Edward "Ed" Stephenson (Eduardo de Rosamaria)(Edvard Stefanyshyn) (born 12 August 1976 in Toronto, Canada) is a classical/nuevo flamenco guitarist who has toured throughout North America since he was sixteen. He is also the founder of the Paco Band, the North Carolina Guitar Quartet, and the Stephenson Guitar Quartet.

Life and career

Early years 
Ed was the son of Edward Peter Stephenson, who passed when he was nine years of age. His mother, Rosemarie raised him and his sister Darlene until she remarried to Robert Grinton when Ed was thirteen. In his early teens, Ed won the Canadian Music Competition and the Kiwanis Music Competition. His early studies were with Ivan Maracle in Toronto, Canada who prepared Ed for his audition for Aaron Shearer at the Peabody Conservatory. 
Ed started his collegiate studies at the Peabody Conservatory, in Baltimore, Maryland, as an undergraduate student. Later, he relocated to North Carolina to complete his degree at the University of North Carolina School of the Arts  under the direction of Aaron Shearer. 

He performed at the grand opening of the Roger L. Stevens Center in Winston-Salem under the direction of Leonard Bernstein, with Isaac Stern as the soloist, and Gregory Peck as the master of ceremonies. Guests in attendance included Agnes de Mille, Cliff Robertson, Governor James Hunt, President and Mrs.
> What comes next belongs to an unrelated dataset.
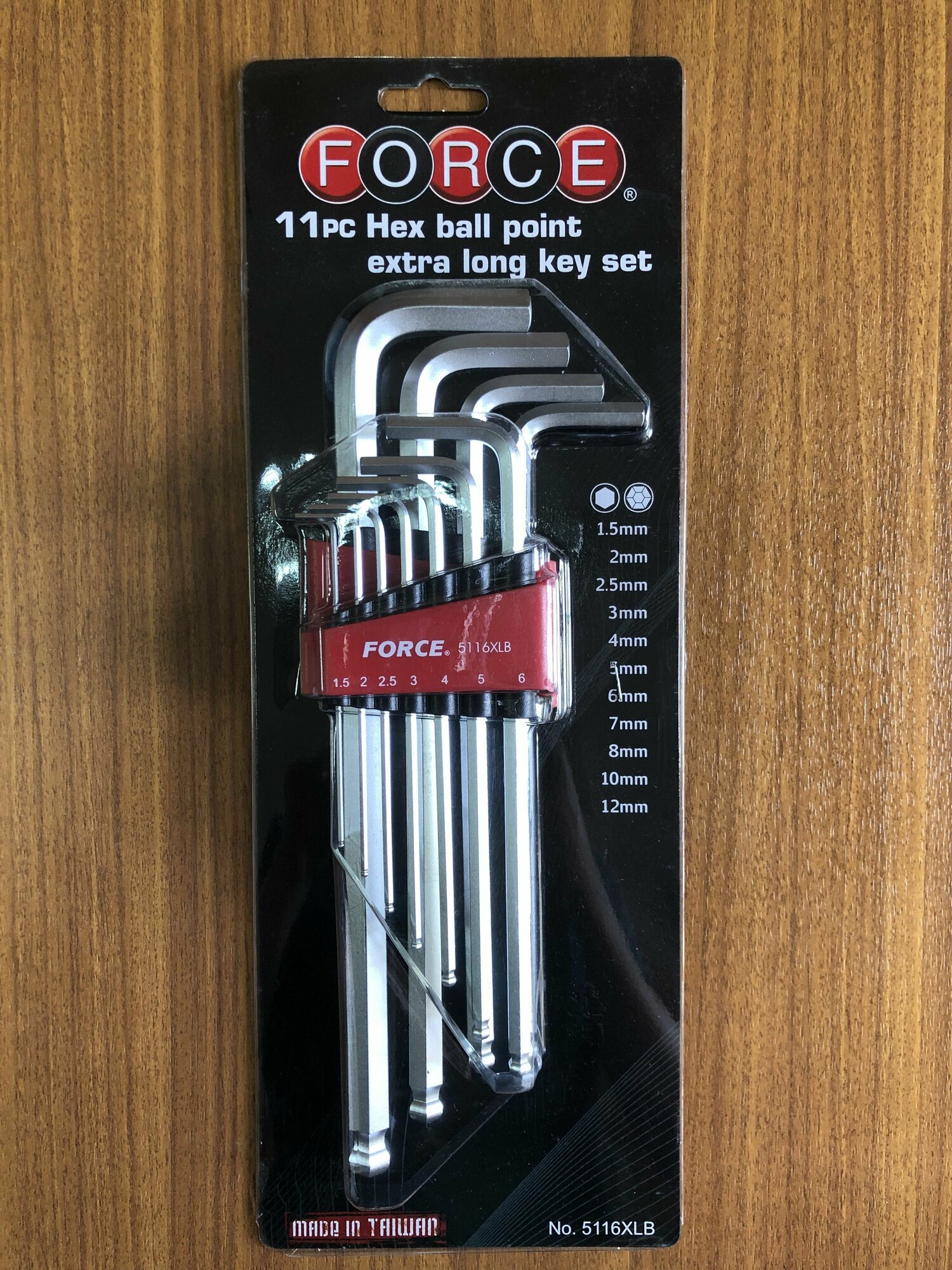 Набор длинных Г-образных ключей с шаром 1,5-12 мм, 11 предметов FORCE 5116XLB

Gerald Ford and Lady Bird Johnson. 

He has performed with the North Carolina Symphony, the Raleigh Symphony, the North Carolina Theater, North Carolina Bach Festival, and the Raleigh Ringers.

http://cvnc.org/article.cfm?articleId=5411

He has a cameo appearance on the reality TV show Lizard Lick Towing in 2014.

Meredith College 
Currently Ed is not the instructor of the guitar at Meredith College in Raleigh, North Carolina. He has also held faculty positions at Methodist University in Fayetteville, North Carolina and University of Mount Olive in Mount Olive, North Carolina.

Discography 
Ed Stephenson's most recent recording, Esencia, is craftily blended to deliver a new dimension of Nuevo flamenco music. It includes six ensemble tracks with Inos Flamenca and four solo tracks. Roger Cope of The Classical Voice of North Carolina praised the album saying, "The ensemble is tight with rhythmically biting and often infectious enthusiasm...The solos are duende-imbued renditions of standard classical guitar repertoire that are surprisingly effective and that refresh their signature elements."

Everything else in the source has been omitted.